Walker, you might like the finish and ease of use you get with Watco Clear Danish Oil. It gives a slight yellowing tint and a very soft sheen like french polishing. Glue up a couple scraps of your project wood so you can see the results before you commit to it.


----------



## DaninVan (Jan 1, 2012)

I'm with George on the satin urethane, except I just use a 'fine' sanding sponge for the first couple of coats, then woven sanding pads for the last coat. I _never_ put wax over the last coat in case I need to recoat down the road. 
Urethane is pretty effective at slowing down the natural colour change of wood.


----------



## rwl7532 (Sep 8, 2011)

walkerrosewood said:


> I'm working on a wine rack that will go on the kitchen counter. I'd like to protect it from moisture and stains (as in food). It is composed of poplar and rosewood.


You owe us pictures. 
Just sayin'


----------



## JOAT (Apr 9, 2010)

walkerrosewood said:


> I don't know much about other types of finishes likes mineral oil, shellac, etc.
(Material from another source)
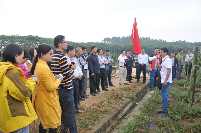 随后,骑着摩托车、电动车以及自行车的活动队伍在向导车辆的指引下浩浩荡荡、井然有序地出发,先后参观了科技园区的火龙果和葡萄基地、十一队槟榔椰子基地、十二队养牛基地、红城队桑蚕园、红洋队百果园、红星队沉香园等产业基地。通过基地管理人员对基地建设、产业规划等情况的讲解,大家对场重点产业有了比较深刻的了解。有些人员因工作性质原因还是第一次到基地参观,感到很亲切很兴奋,收获也很多,对科技博览园有了更加清晰的认识。
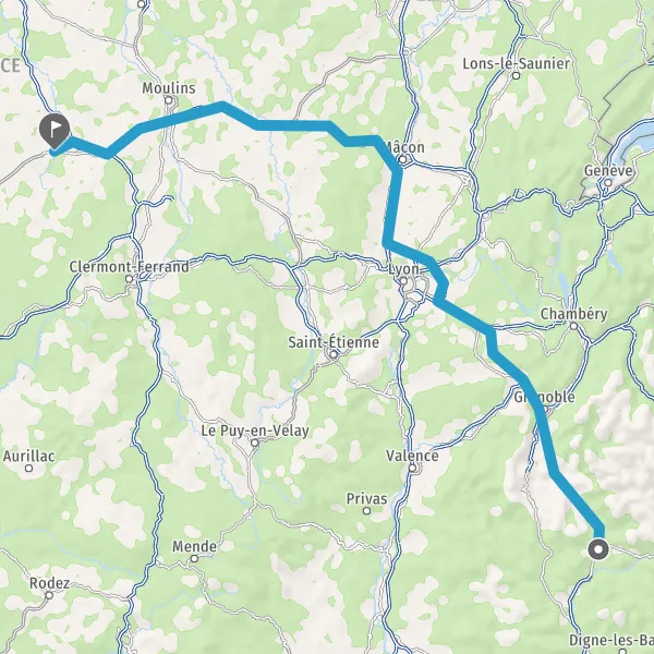 Prendre à droite et rejoindre A43 E711 E70. Continuer sur 34 kilomètres

So, then you get some scrap wood, of the type you will use, and experiment with the different finishes, until you get something you're satisfied with. I've used unused cooking oil with good results.

Or, you could get water/rot resistant wood, and not put any finish on it at all. 
Or, you could just nail it to the wall, and not have it on the counter at all. 
Or, just drink the entire bottle every time you open one. 
Plenty of options open to you, just up to you to decide what you want. And if you make something and the wood rots, no prob, just make another, using a different type of wood. Personally if I wanted a 'natural' finish, I might well just use some white Elmer's glue, thinned 50/50, and brushed on. I use thinned Titebond II on any number of things I make, but it does not dry clear like the Elmers, the Titebond dries with a sort of amber color, that I like.


----------



## walkerrosewood (Jan 23, 2014)

I picked up some of that Watco Danish Oil and some Satin Polyurethane. Is Scandinavian Oil the same as Danish Oil? Luckily I'm doing this completely for fun, so I have no time constraints. I'll try some various applications on some scrap and let it set for a few days. 



> Or, just drink the entire bottle every time you open one.


Haha, that's what usually happens. My current wine rack mostly houses old bottles that I think look cool or were particularly enjoyable. I keep them so I don't forget what brand they were.


----------



## Mike (Nov 22, 2004)

Walker, you will get used to the Aussie-speak. Same stuff with a different name down under.


----------



## walkerrosewood (Jan 23, 2014)

Pic as requested. Be gentle, this is my first project with a router. I managed to screw it up already too. If you look carefully you can see where I accidentally set the wrong depth for the dado cut on one side of the centerpiece. I made up the difference with the length of the diagonal piece, but it looks really silly. This has not yet been finished or glued up yet. Currently testing some various finish methods on scrap pieces. 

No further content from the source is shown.